* _REQUIRED ACTION_
In this exercise, the entries below include pictures. Repeat exactly the lines from the line with "Man nehme eine" to the line with "INOX Rozdzielacz ze", including both, but without the pictures.

* _EXERCISE MATERIAL_
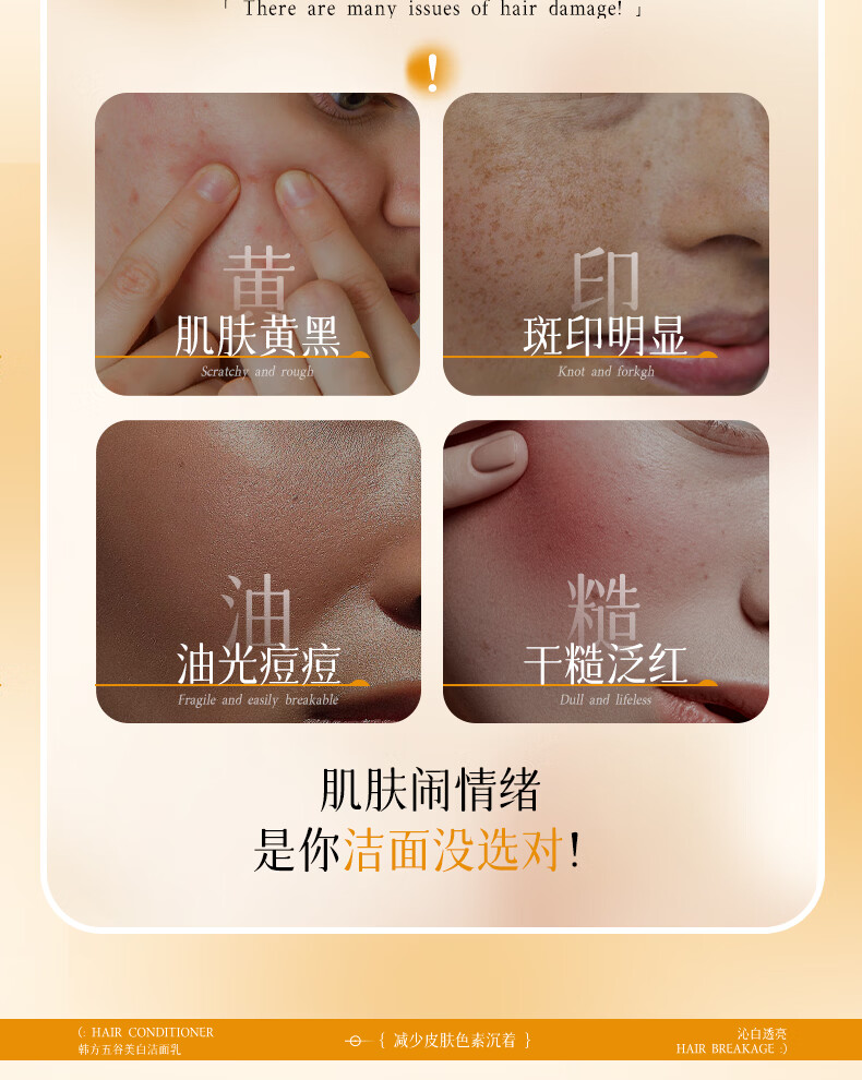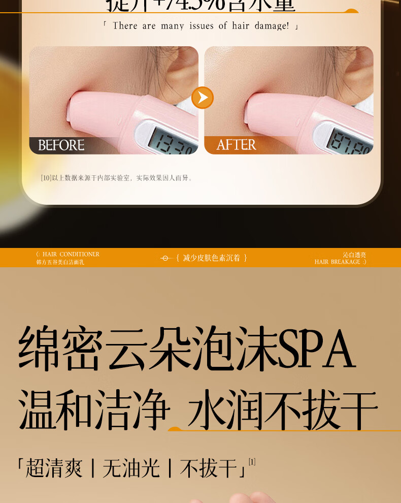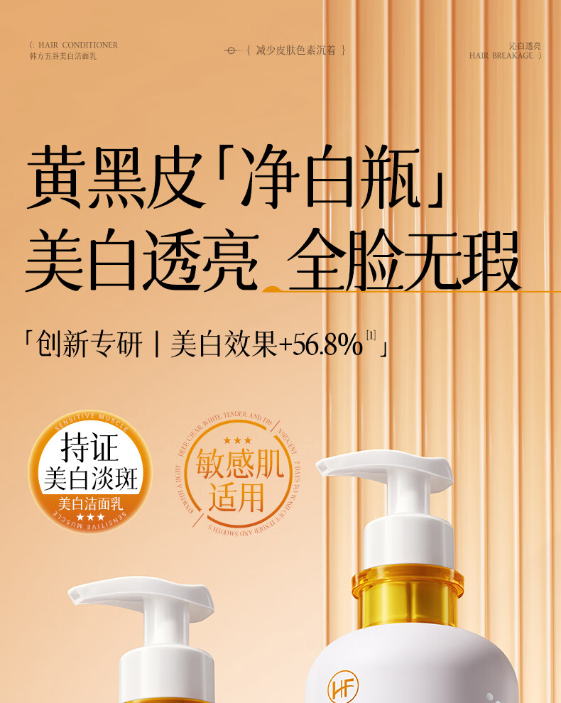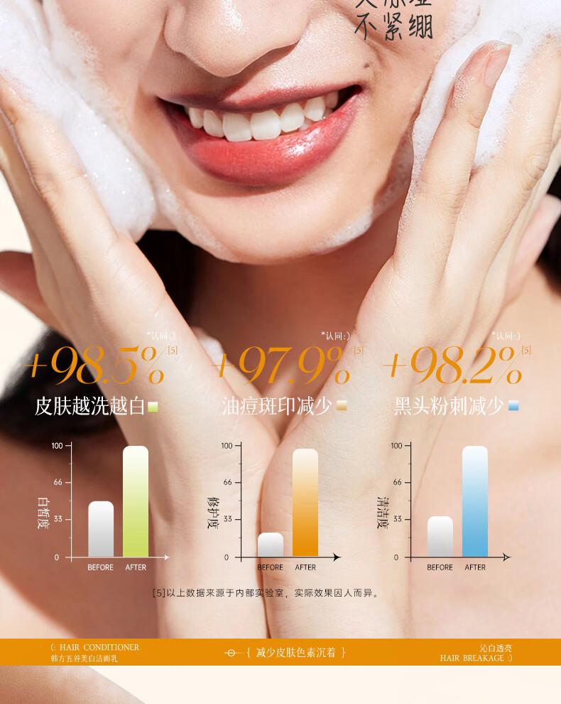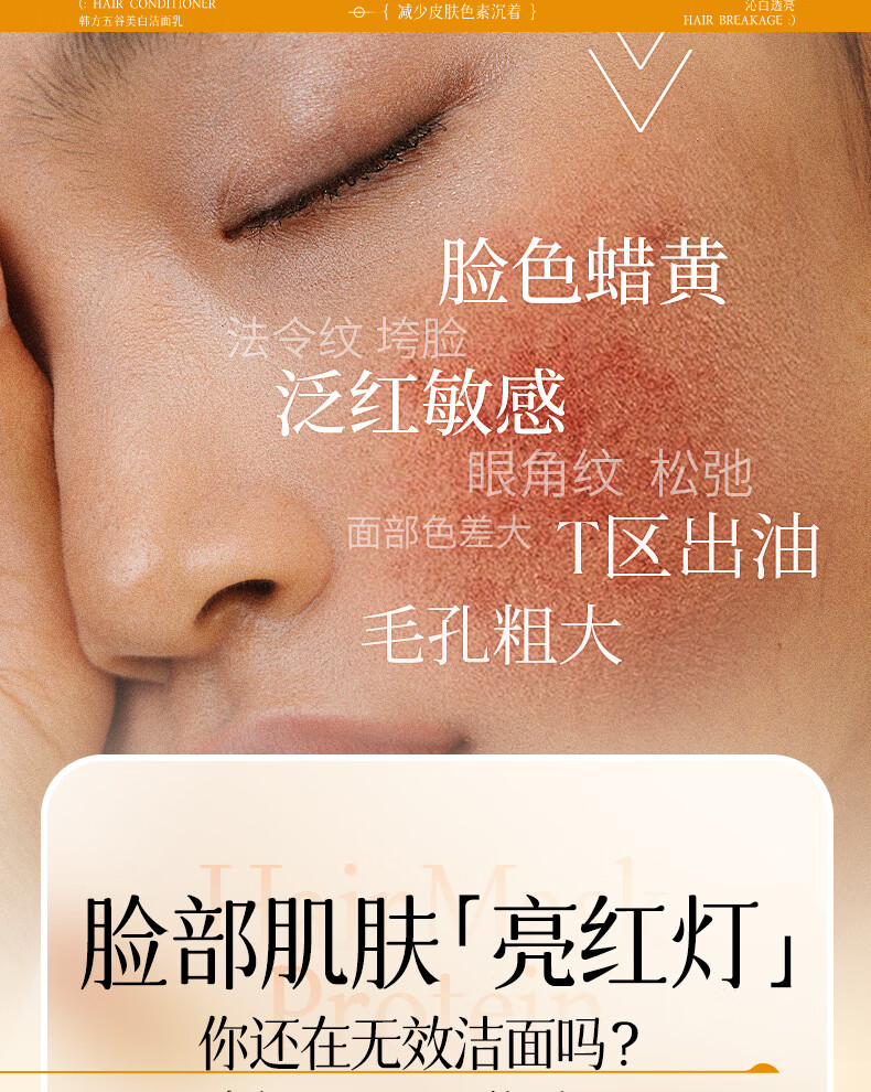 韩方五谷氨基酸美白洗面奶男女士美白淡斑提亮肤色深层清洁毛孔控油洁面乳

==

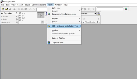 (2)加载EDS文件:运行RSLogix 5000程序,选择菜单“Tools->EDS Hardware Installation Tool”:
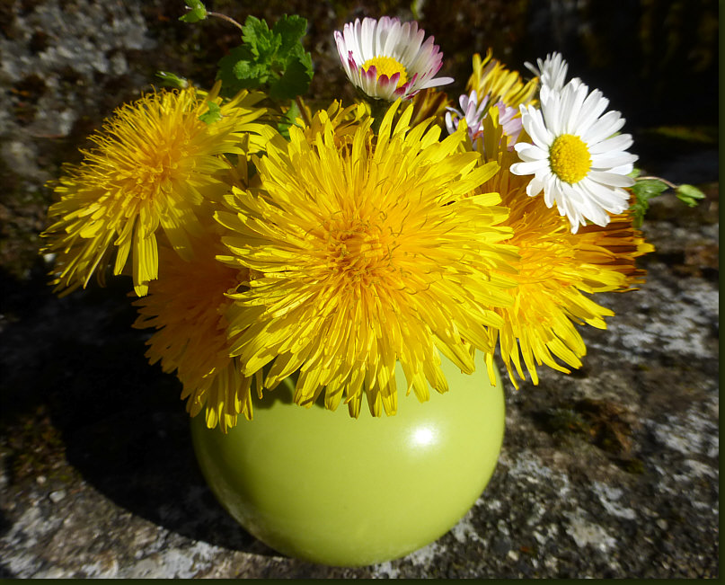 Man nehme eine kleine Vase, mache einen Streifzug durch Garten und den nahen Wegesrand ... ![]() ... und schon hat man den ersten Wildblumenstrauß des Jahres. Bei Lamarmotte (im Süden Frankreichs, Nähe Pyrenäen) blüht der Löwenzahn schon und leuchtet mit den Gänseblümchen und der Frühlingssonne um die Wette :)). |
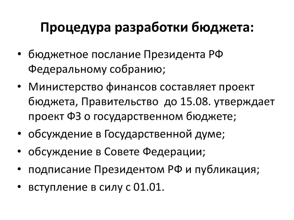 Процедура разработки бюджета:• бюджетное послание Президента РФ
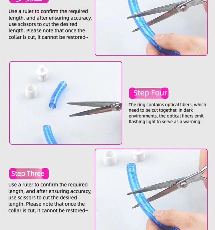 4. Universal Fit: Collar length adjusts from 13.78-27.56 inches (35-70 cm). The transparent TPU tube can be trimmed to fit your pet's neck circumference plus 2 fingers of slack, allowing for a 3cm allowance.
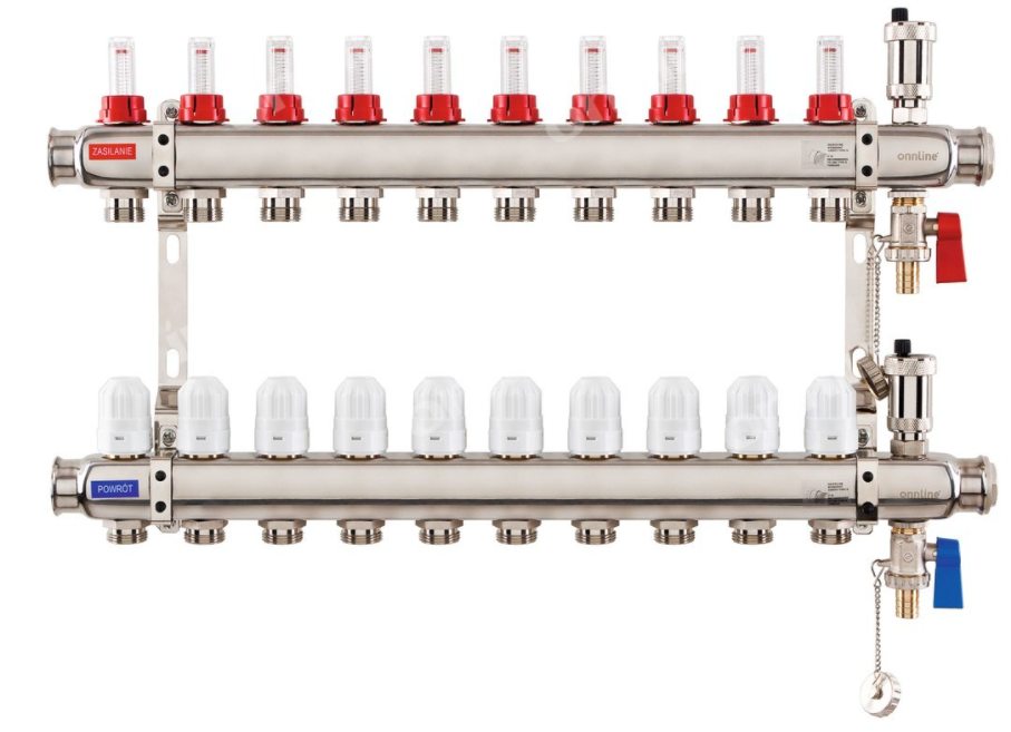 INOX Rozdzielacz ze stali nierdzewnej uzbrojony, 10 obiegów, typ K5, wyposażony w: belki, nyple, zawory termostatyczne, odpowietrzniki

* _REPLY TO THE TASK_
 Man nehme eine kleine Vase, mache einen Streifzug durch Garten und den nahen Wegesrand ... ![]() ... und schon hat man den ersten Wildblumenstrauß des Jahres. Bei Lamarmotte (im Süden Frankreichs, Nähe Pyrenäen) blüht der Löwenzahn schon und leuchtet mit den Gänseblümchen und der Frühlingssonne um die Wette :)). |
 Процедура разработки бюджета:• бюджетное послание Президента РФ
 4. Universal Fit: Collar length adjusts from 13.78-27.56 inches (35-70 cm). The transparent TPU tube can be trimmed to fit your pet's neck circumference plus 2 fingers of slack, allowing for a 3cm allowance.
 INOX Rozdzielacz ze stali nierdzewnej uzbrojony, 10 obiegów, typ K5, wyposażony w: belki, nyple, zawory termostatyczne, odpowietrzniki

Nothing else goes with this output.